What’s new is that there’s now a way out. The bill introduces what it calls the “mature blockchain” test. If your chain is open-source, runs on pre-established, transparent rules, and no single person or group controls more than 20% of the token supply, you can go to the SEC and say, We’re decentralised enough; review us. If they don’t push back within 60 days, your token is reclassified as a digital commodity, and regulatory authority changes from the SEC to the CFTC.
This shift from the SEC to the CFTC matters greatly because the two agencies operate in completely different ways. The SEC treats tokens like stocks, which means full registration, detailed disclosures, and continuous reporting obligations. The CFTC treats them like commodities, such as oil or wheat, with lighter oversight and lower costs, and its main job is to make sure markets run fairly rather than to decide who gets to participate in them. For any project that passes the decentralisation test, the day-to-day cost of being a regulated entity drops significantly.
You get four years to get there. You can file a notice with the SEC saying your blockchain intends to reach maturity within that window. As long as you’re making progress, you operate under a temporary exemption. But if you hit the four-year mark and you’re still not decentralised enough, the exemption goes away, and you’re back under full securities law with even stricter disclosure requirements than you started with.

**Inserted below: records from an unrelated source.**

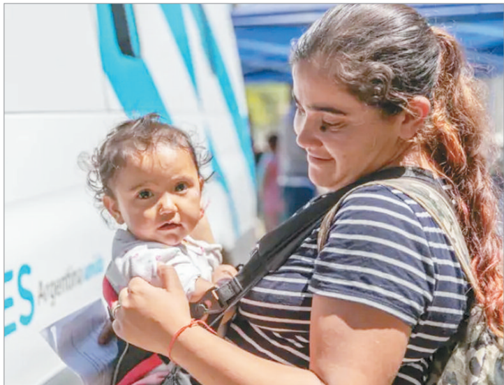
Quienes cobran AUH aumentaron su poder adquisitivo

En este escenario, los trabajadores públicos nacionales perdieron el 33% de su poder adquisitivo en términos reales; los trabajadores públicos provinciales del 6,5%; los jubilados que cobran el haber solamente (sin bono) del 9,3%; y los jubilados que cobran el haber mínimo y el bono del 7,5%.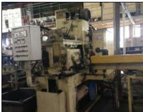
ภาพที่ 21 อุปกรณ์ไฟฟ้าที่มีสายดินทุกระบบ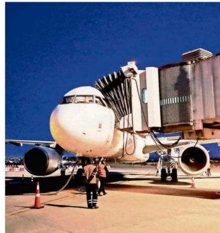
EL DESARROLLO DE CARRIEL SUR TAMBIÉN ES FUNDAMENTAL.

En ese sentido, dijo que “el poder contar con puertos cercanos, aeropuertos y carreteras de calidad, es clave no solo para dar mayor bienestar a las y los habitantes de las regiones,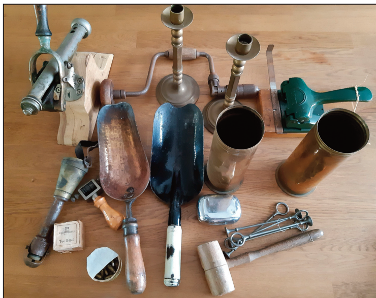
Een mooie verzameling van oude werktuigen, met een speciale geschiedenis.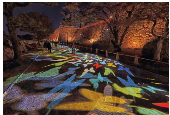
準グランプリ『乱舞する蝶の道』最相 政実 様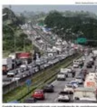
Um trecho movimentado de uma rodovia, com muitos veículos trafegando.

O ministro de Infraestrutura, Sérgio de Toledo, afirmou que o governo federal não conseguiu resolver a greve nacional de caminhoneiros. Segundo ele, a greve não foi resolvida e o transporte de cargas continua sendo afetado.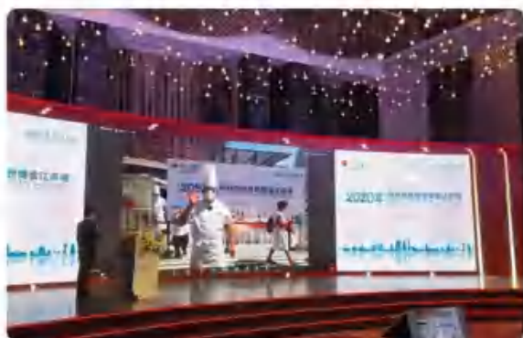
迪拜世博会“江苏周”活动隆重开幕

下午，2020年迪拜世博会“江苏周”活动在南京连线迪拜，通过“线上线下+全球直播”方式隆重举行，新华社进行了同步直播，吸引了71.5万人在线观看。“扬州冶春、中国味道、世界美食”的主题演绎，为“世界美食之都”增光添彩。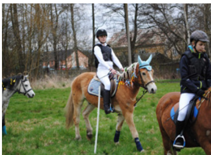
V Ekocentru Ostrov jsme na Dni Země povozili děti.

Oblíbené přenocování v areálu EC pro děti ve věku 7-10 let. Spousta zábavy a legrace, soutěže a noční hra. Přihlášky od 10. 10. on-line nebo v kanceláři EC. Cena 150 Kč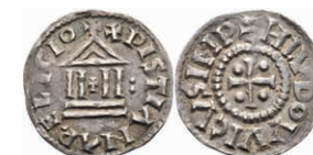
5145 Denar (1,77g), Ludwig der Fromme, 813-840. Av: Kreuz, in den Winkeln jeweils eine Kugel, darum "HLVDOWICVSIMP". Rev: Tempel, links senkrecht zwei Kugeln, darum "XPISTIANARELIGIO". Morrison/Grunthal -, Prou -, ss. 220,—

If you pair this with the GENIUS Act for stablecoins, which became law last year, you will see that, for the first time, the United States has a complete regulatory framework for digital assets. Stablecoins have clear rules about reserves, licensing, and who can issue them. Tokens now have a concrete test that determines whether they fall under the SEC or the CFTC, and that test includes a specific threshold: 20%. But what does it mean for existing and new projects with a token? That’s where it gets interesting.

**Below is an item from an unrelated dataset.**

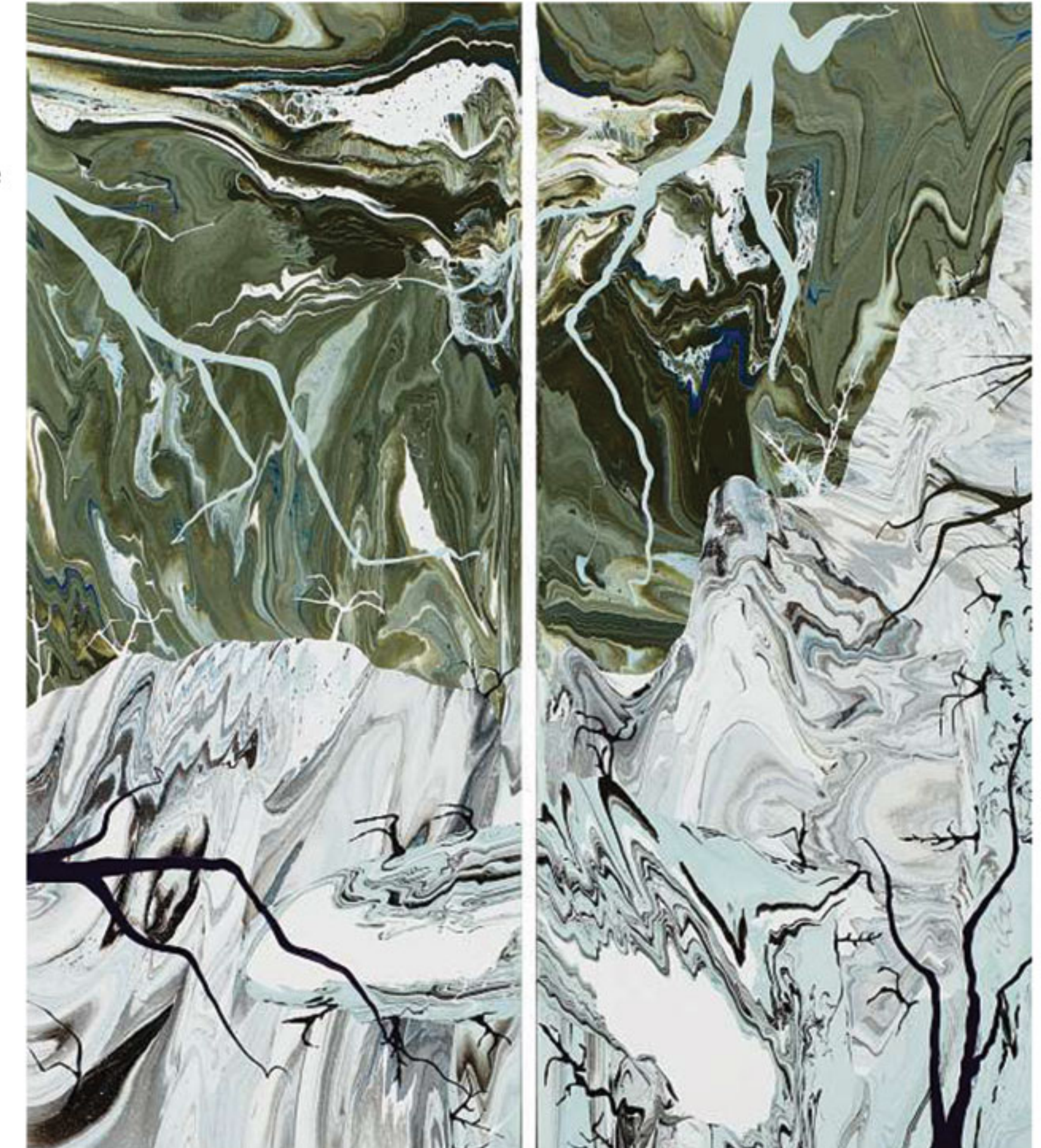
'APOCALYPSE ZERO.10M'. Esmalte sobre tela.

y concibe un tejido cromático rico en texturas debido a las diferentes capas que se acumulan en el proceso. Este artificio de formación

The Impossibility of Grassroots Launches
The biggest crypto assets will have no trouble with this test. Bitcoin has no single entity with anywhere near 20% ownership and has been treated as a commodity for years. Ethereum runs on over 1.07 million validators after the Merge and has the most distributed infrastructure of any smart contract platform.
The SEC and CFTC’s joint interpretive release from March 2026 already identified 18 tokens as digital commodities, including Bitcoin, Ethereum, Solana, XRP, Cardano, Chainlink, and Avalanche. If you hold any of these, you can breathe easy knowing the regulatory question is answered, and your token sits on the commodity side of the line.

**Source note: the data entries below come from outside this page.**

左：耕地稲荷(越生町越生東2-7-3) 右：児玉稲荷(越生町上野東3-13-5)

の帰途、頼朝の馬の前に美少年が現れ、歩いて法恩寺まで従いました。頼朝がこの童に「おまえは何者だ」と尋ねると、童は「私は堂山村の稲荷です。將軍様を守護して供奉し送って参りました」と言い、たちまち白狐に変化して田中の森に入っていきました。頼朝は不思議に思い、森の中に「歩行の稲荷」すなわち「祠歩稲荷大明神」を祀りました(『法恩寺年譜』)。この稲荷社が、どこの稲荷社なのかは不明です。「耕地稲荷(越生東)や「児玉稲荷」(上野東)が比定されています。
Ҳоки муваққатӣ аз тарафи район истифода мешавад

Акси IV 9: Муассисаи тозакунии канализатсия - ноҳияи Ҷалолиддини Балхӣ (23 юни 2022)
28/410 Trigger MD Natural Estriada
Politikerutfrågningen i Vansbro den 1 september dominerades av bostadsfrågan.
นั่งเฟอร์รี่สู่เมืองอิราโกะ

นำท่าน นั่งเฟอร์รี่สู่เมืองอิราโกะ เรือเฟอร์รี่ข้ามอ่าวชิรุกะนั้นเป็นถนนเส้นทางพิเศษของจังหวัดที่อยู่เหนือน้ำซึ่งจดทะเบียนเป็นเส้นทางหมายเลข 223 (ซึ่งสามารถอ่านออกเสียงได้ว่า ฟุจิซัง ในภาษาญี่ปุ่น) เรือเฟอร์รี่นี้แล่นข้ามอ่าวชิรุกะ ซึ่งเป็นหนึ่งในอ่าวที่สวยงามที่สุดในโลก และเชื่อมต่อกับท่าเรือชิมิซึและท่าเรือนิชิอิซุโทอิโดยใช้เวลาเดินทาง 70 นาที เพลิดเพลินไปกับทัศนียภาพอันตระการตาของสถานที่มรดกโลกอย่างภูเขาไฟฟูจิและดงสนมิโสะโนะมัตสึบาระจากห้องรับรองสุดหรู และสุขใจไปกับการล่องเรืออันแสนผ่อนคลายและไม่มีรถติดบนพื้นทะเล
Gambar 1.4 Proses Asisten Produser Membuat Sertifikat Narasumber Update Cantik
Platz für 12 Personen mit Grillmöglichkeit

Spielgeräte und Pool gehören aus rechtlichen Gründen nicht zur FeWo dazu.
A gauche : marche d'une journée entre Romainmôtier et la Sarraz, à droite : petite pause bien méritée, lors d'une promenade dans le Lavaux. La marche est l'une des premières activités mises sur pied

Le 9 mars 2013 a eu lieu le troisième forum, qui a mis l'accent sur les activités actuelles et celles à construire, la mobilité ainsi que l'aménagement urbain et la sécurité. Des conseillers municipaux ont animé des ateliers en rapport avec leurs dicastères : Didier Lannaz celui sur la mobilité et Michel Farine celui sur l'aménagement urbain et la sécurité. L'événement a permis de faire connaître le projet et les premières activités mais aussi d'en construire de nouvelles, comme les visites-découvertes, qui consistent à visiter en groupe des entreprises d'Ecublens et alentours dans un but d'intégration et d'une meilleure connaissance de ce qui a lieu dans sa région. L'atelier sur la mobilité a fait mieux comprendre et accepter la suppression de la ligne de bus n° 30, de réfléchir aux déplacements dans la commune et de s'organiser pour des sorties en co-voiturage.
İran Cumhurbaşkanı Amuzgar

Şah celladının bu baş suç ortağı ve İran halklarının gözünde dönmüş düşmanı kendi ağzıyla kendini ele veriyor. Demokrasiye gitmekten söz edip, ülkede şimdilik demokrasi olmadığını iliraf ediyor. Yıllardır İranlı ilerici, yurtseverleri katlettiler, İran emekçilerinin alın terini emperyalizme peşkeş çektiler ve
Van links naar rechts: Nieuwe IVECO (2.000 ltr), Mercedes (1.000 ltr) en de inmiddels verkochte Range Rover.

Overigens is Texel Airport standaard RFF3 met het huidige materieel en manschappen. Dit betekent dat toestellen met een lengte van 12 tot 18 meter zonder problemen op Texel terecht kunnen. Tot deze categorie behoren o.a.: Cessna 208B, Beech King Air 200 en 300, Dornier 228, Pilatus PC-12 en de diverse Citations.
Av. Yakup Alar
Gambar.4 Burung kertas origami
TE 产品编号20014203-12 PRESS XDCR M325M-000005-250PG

The problem starts when you look past those 18 names in that list. Take Solana, it made the commodity list, but it sits in a grey area. It got there through an interpretive release, which is a regulatory opinion.
An interpretive release is basically the SEC and the CFTC issuing a statement saying, “This is how we read the existing law.” It carries weight; markets react to it, but it has no legislative backing. The next SEC chairperson can issue a new interpretation and change Solana’s commodity status overnight, without going through Congress or holding a vote.
The other group that needs to pay close attention is everyone who hasn’t launched a token yet. Under this bill, every new token is presumed to be a security from the moment it’s created, and escaping that means years of SEC disclosures, legal filings, and semiannual reporting. At the same time, you work toward the maturity threshold.
Hiro Systems, one of the few projects that actually tried to go through the SEC’s existing registration process, spent over $15 million on compliance and legal defence alone, which was more than they raised in the offering itself.
That gives you a sense of the real cost here. The bill includes a $50 million exemption cap for how much you can raise while your chain is maturing. Still, the compliance infrastructure needed just to operate within that exemption is so expensive that only venture-backed teams with law firms on retainer can realistically use it.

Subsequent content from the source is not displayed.